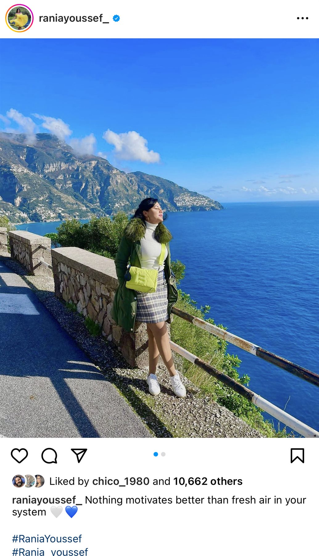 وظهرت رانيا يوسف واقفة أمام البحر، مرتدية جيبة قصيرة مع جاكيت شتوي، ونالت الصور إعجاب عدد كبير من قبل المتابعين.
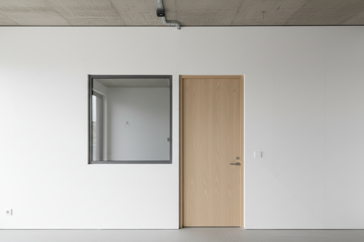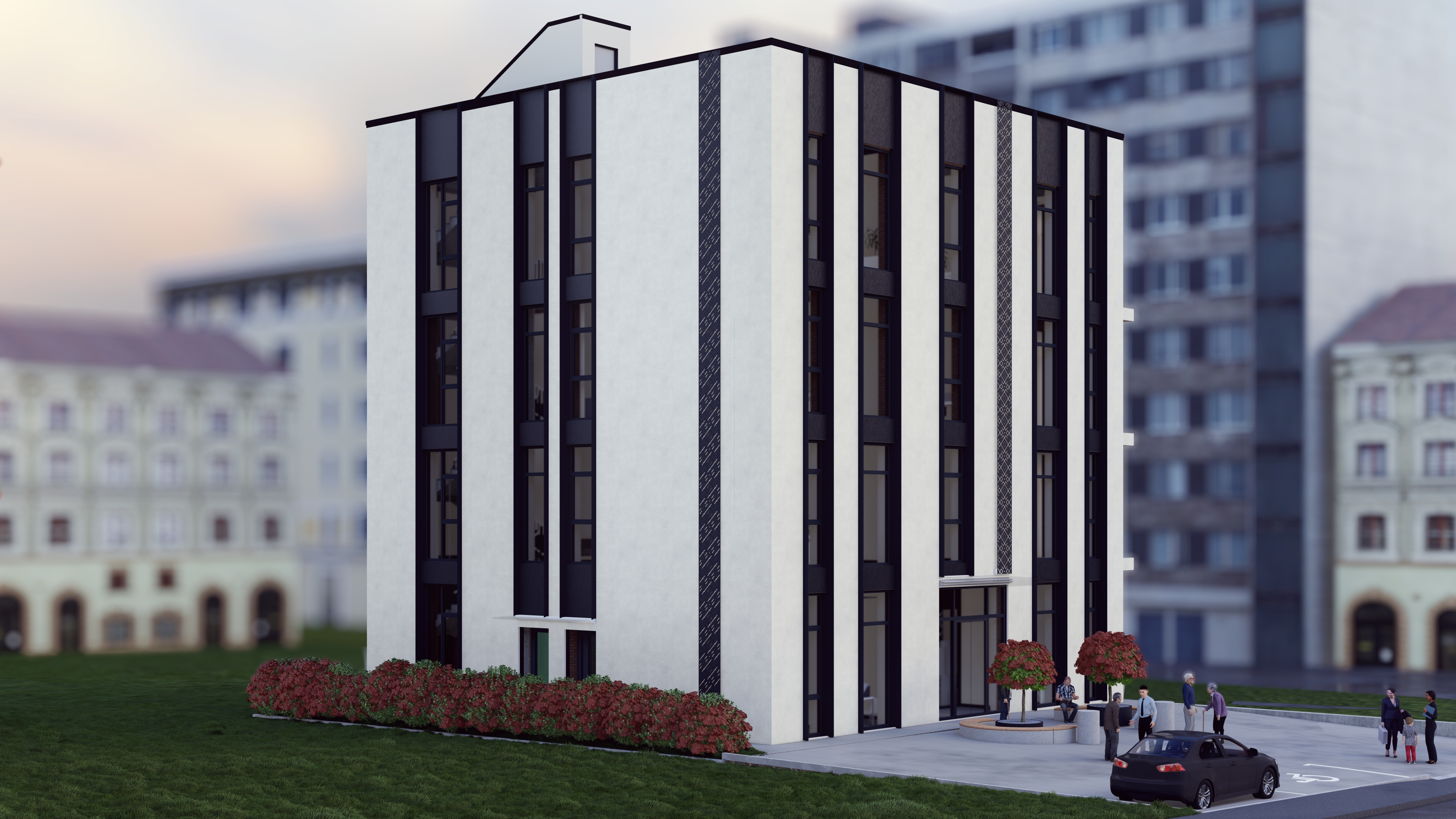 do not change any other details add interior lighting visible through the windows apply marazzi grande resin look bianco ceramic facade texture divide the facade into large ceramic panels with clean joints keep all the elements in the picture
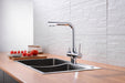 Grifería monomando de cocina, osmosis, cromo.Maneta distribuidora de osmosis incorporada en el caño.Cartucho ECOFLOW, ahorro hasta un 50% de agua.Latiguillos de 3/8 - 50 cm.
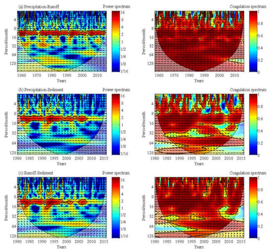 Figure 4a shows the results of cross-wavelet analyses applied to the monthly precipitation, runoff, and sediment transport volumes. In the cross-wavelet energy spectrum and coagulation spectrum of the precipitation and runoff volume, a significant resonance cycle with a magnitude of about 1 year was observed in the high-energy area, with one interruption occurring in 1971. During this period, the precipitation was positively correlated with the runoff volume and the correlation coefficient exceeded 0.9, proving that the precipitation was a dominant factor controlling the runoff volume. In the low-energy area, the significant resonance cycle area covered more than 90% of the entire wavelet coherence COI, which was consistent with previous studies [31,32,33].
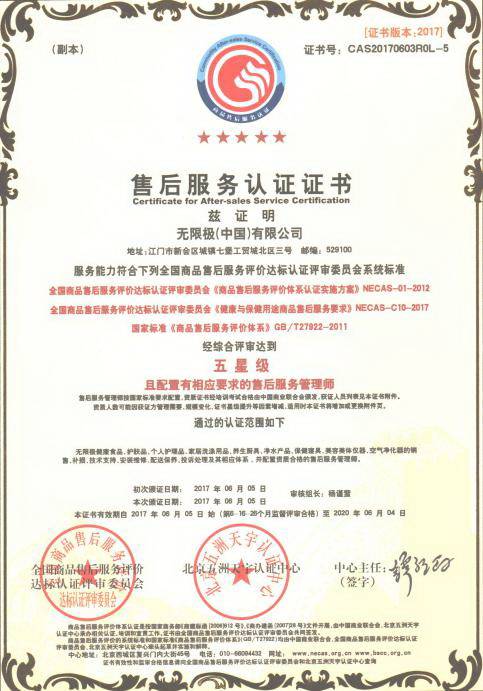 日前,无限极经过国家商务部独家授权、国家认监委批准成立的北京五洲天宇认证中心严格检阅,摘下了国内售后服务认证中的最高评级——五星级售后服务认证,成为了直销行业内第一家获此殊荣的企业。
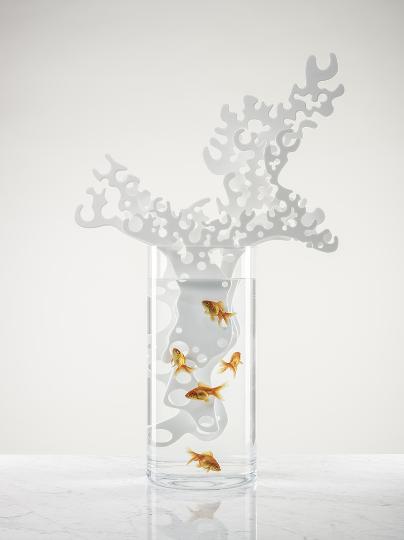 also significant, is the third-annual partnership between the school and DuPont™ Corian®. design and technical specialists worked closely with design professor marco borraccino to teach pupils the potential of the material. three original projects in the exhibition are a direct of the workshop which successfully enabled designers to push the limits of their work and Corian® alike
===============
> How to complete this task: Each of the records above needs to be transcribed exactly, apart from its pictures.

> Expected answer:
 وظهرت رانيا يوسف واقفة أمام البحر، مرتدية جيبة قصيرة مع جاكيت شتوي، ونالت الصور إعجاب عدد كبير من قبل المتابعين.
 do not change any other details add interior lighting visible through the windows apply marazzi grande resin look bianco ceramic facade texture divide the facade into large ceramic panels with clean joints keep all the elements in the picture
 Grifería monomando de cocina, osmosis, cromo.Maneta distribuidora de osmosis incorporada en el caño.Cartucho ECOFLOW, ahorro hasta un 50% de agua.Latiguillos de 3/8 - 50 cm.
 Figure 4a shows the results of cross-wavelet analyses applied to the monthly precipitation, runoff, and sediment transport volumes. In the cross-wavelet energy spectrum and coagulation spectrum of the precipitation and runoff volume, a significant resonance cycle with a magnitude of about 1 year was observed in the high-energy area, with one interruption occurring in 1971. During this period, the precipitation was positively correlated with the runoff volume and the correlation coefficient exceeded 0.9, proving that the precipitation was a dominant factor controlling the runoff volume. In the low-energy area, the significant resonance cycle area covered more than 90% of the entire wavelet coherence COI, which was consistent with previous studies [31,32,33].
 日前,无限极经过国家商务部独家授权、国家认监委批准成立的北京五洲天宇认证中心严格检阅,摘下了国内售后服务认证中的最高评级——五星级售后服务认证,成为了直销行业内第一家获此殊荣的企业。
 also significant, is the third-annual partnership between the school and DuPont™ Corian®. design and technical specialists worked closely with design professor marco borraccino to teach pupils the potential of the material. three original projects in the exhibition are a direct of the workshop which successfully enabled designers to push the limits of their work and Corian® alike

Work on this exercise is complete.